→ Records supplied
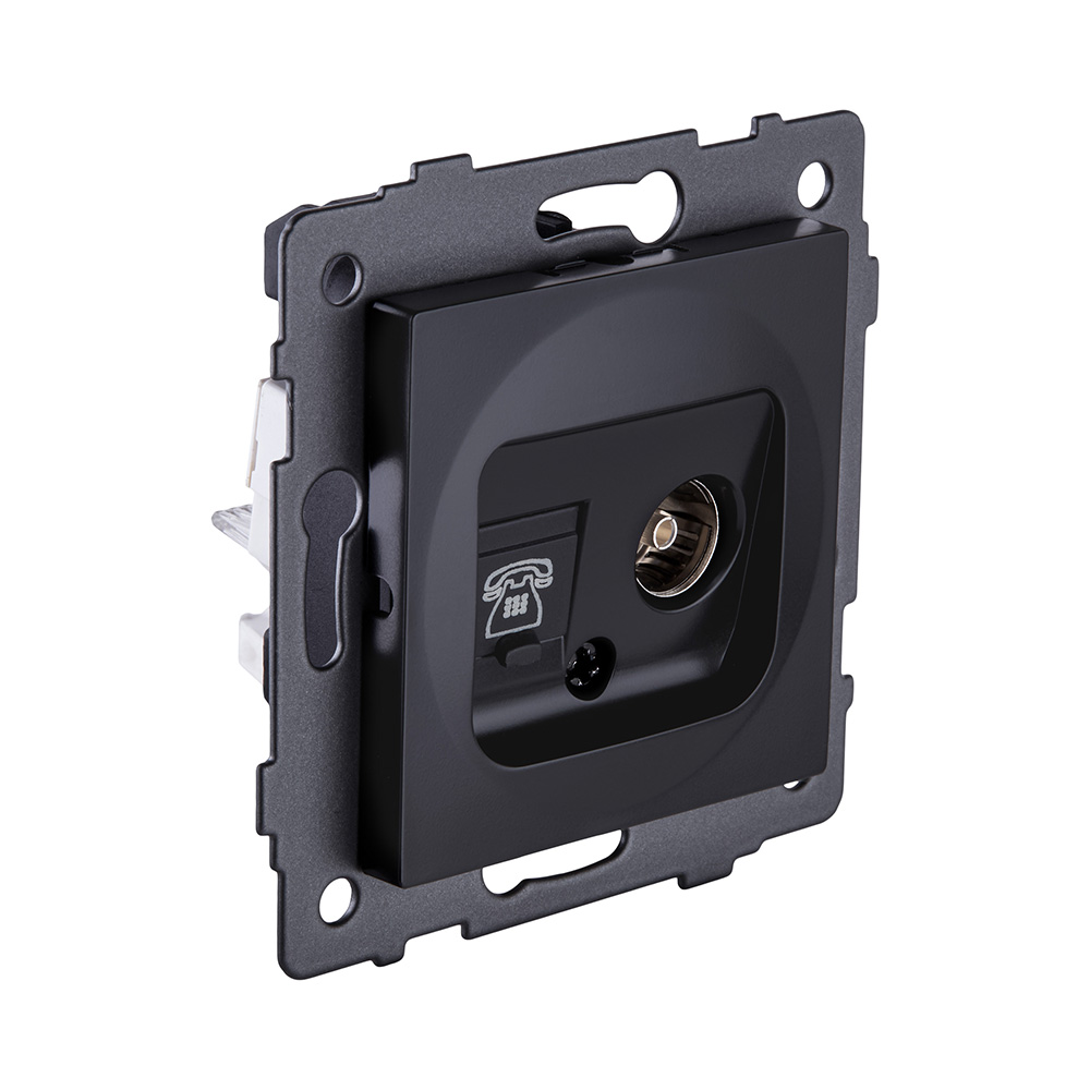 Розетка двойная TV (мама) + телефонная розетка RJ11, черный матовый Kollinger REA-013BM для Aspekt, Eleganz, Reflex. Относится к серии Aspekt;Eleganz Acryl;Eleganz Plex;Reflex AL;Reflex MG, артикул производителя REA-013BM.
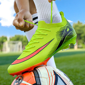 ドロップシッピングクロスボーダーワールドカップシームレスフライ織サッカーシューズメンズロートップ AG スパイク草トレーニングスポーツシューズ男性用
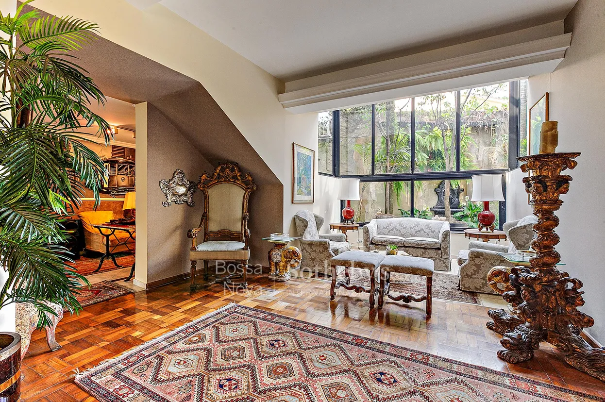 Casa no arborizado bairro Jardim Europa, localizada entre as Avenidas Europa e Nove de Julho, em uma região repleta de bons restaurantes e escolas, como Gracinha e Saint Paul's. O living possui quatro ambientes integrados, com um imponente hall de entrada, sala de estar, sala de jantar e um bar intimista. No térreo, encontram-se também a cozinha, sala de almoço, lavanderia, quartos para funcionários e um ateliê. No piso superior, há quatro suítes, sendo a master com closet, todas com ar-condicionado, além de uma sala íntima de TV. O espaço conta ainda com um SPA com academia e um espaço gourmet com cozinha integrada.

--

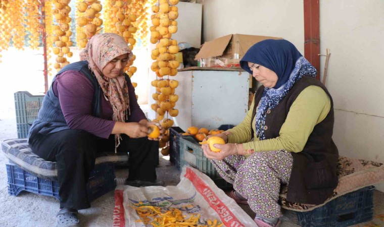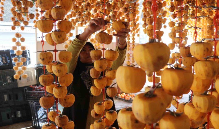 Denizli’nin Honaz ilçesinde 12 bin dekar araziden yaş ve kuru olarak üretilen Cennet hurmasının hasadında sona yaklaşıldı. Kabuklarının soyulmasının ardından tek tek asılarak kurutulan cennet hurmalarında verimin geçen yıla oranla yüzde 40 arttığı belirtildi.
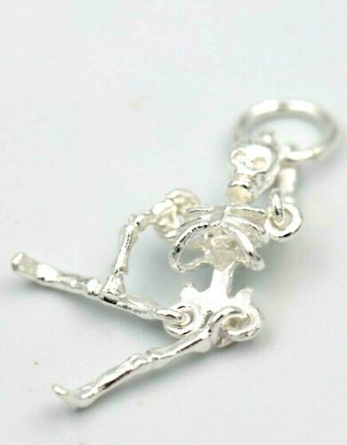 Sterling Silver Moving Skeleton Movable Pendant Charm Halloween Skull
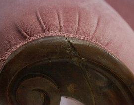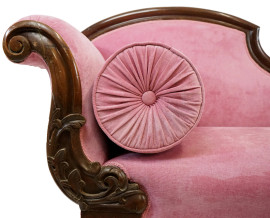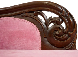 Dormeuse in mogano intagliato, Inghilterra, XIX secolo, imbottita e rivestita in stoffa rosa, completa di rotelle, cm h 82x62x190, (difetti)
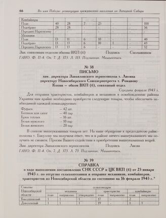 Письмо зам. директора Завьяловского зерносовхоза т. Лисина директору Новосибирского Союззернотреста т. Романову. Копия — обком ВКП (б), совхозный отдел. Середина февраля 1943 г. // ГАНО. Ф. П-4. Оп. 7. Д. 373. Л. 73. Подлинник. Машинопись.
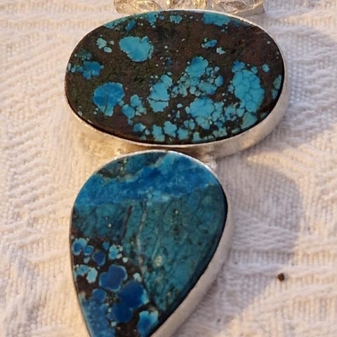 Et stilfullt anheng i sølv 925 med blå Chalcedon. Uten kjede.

→ About this task
When you reach the line with "Розетка двойная TV" in the records above, begin repeating the lines exactly, and stop after the line with "Casa no arborizado". Skip all pictures.

→ Reply to the task
 Розетка двойная TV (мама) + телефонная розетка RJ11, черный матовый Kollinger REA-013BM для Aspekt, Eleganz, Reflex. Относится к серии Aspekt;Eleganz Acryl;Eleganz Plex;Reflex AL;Reflex MG, артикул производителя REA-013BM.
 ドロップシッピングクロスボーダーワールドカップシームレスフライ織サッカーシューズメンズロートップ AG スパイク草トレーニングスポーツシューズ男性用
 Casa no arborizado bairro Jardim Europa, localizada entre as Avenidas Europa e Nove de Julho, em uma região repleta de bons restaurantes e escolas, como Gracinha e Saint Paul's. O living possui quatro ambientes integrados, com um imponente hall de entrada, sala de estar, sala de jantar e um bar intimista. No térreo, encontram-se também a cozinha, sala de almoço, lavanderia, quartos para funcionários e um ateliê. No piso superior, há quatro suítes, sendo a master com closet, todas com ar-condicionado, além de uma sala íntima de TV. O espaço conta ainda com um SPA com academia e um espaço gourmet com cozinha integrada.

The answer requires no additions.